Search code examples
pythonperformancenumpymatrixpearson

Pearson correlation on big numpy matrices


I have a 24000 * 316 numpy matrix, each row represents a time series with 316 time points, and I am computing pearson correlation between each pair of these time series. Meaning as a result I would have a 24000 * 24000 numpy matrix having pearson values. My problem is that this takes a very long time. I have tested my pipeline on smaller matrices (200 * 200) and it works (though still slow). I am wondering if it is expected to be this slow (takes more than a day!!!). And what I might be able to do about it... If it helps this is my code... nothing special or hard..

def SimMat(mat,name):

    mrange = mat.shape[0]
    print "mrange:", mrange
    nTRs = mat.shape[1]
    print "nTRs:", nTRs

    SimM = numpy.zeros((mrange,mrange))



    for i in range(mrange):

        SimM[i][i] = 1

    for i in range (mrange):
        for j in range(i+1, mrange):
            pearV = scipy.stats.pearsonr(mat[i], mat[j])

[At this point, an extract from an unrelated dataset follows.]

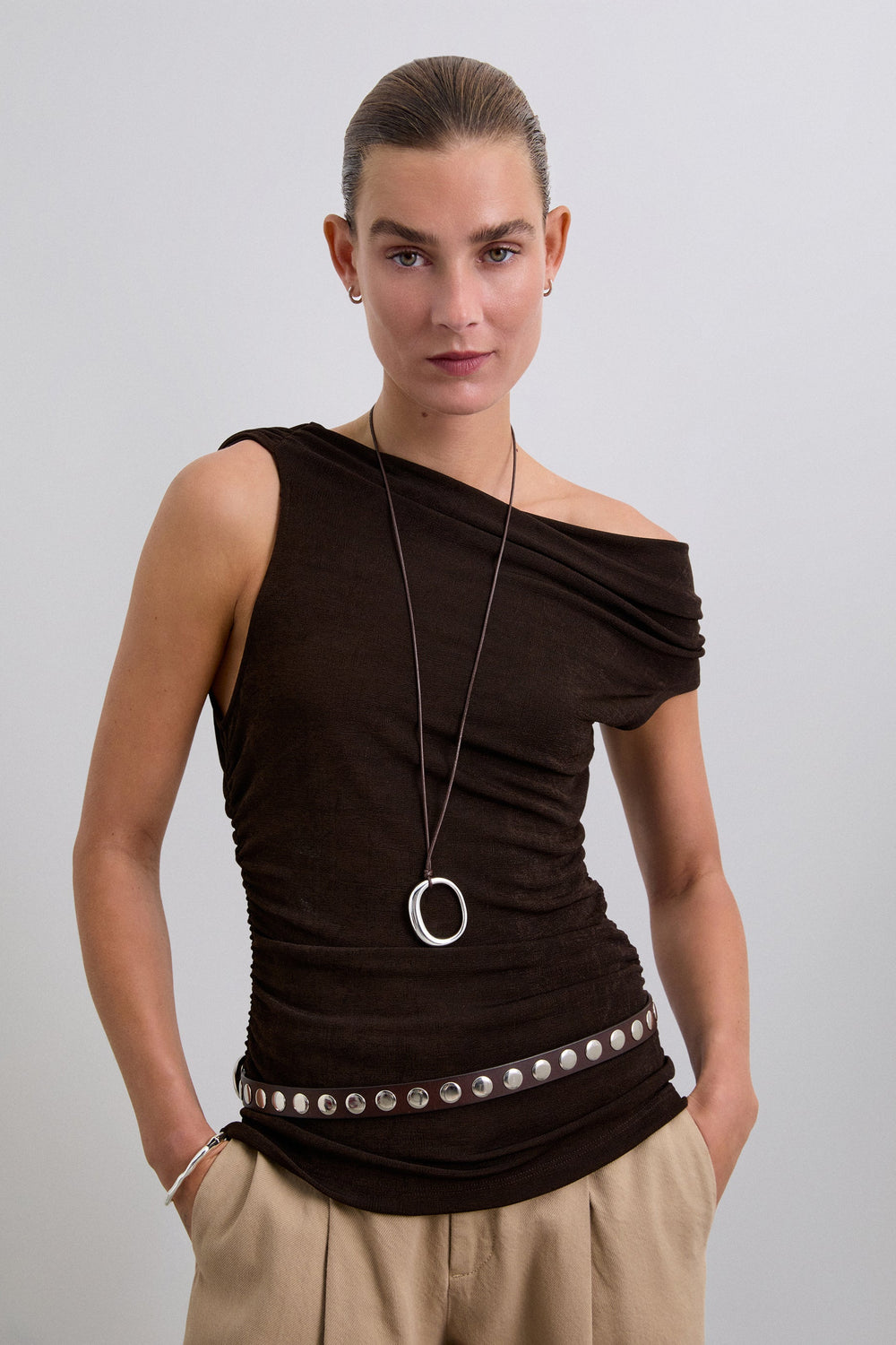 Top made of slightly stretchy fabric. Slim fit, Off The Shoulder, asymmetric neckline with gathers on the sides.

            if(pearV[1] <= 0.05):
                if(pearV[0] >= 0.5):
                    print "Pearson value:", pearV[0]
                    SimM[i][j] = pearV[0]
                    SimM[j][i] = 0
            else:

                SimM[i][j] = SimM[j][i] = 0

    numpy.savetxt(name, SimM)




    return SimM, nTRs

Thanks


Solution

  • The main problem with your implementation is the amount of memory you'll need to store the correlation coefficients (at least 4.5GB). There is no reason to keep the already computed coefficients in memory. For problems like this, I like to use hdf5 to store the intermediate results since they work nicely with numpy. Here is a complete, minimal working example:

    import numpy as np
    import h5py
    from scipy.stats import pearsonr
    
    # Create the dataset
    h5 = h5py.File("data.h5",'w')
    h5["test"] = np.random.random(size=(24000,316))
    h5.close()
    
    # Compute dot products
    h5 = h5py.File("data.h5",'r+')
    A  = h5["test"][:]
    
    N   = A.shape[0]
    out = h5.require_dataset("pearson", shape=(N,N), dtype=float)
    
    for i in range(N):
        out[i] = [pearsonr(A[i],A[j])[0] for j in range(N)]
    

    Testing the first 100 rows suggests this will only take 8 hours on a single core. If you parallelized it, it should have linear speedup with the number of cores.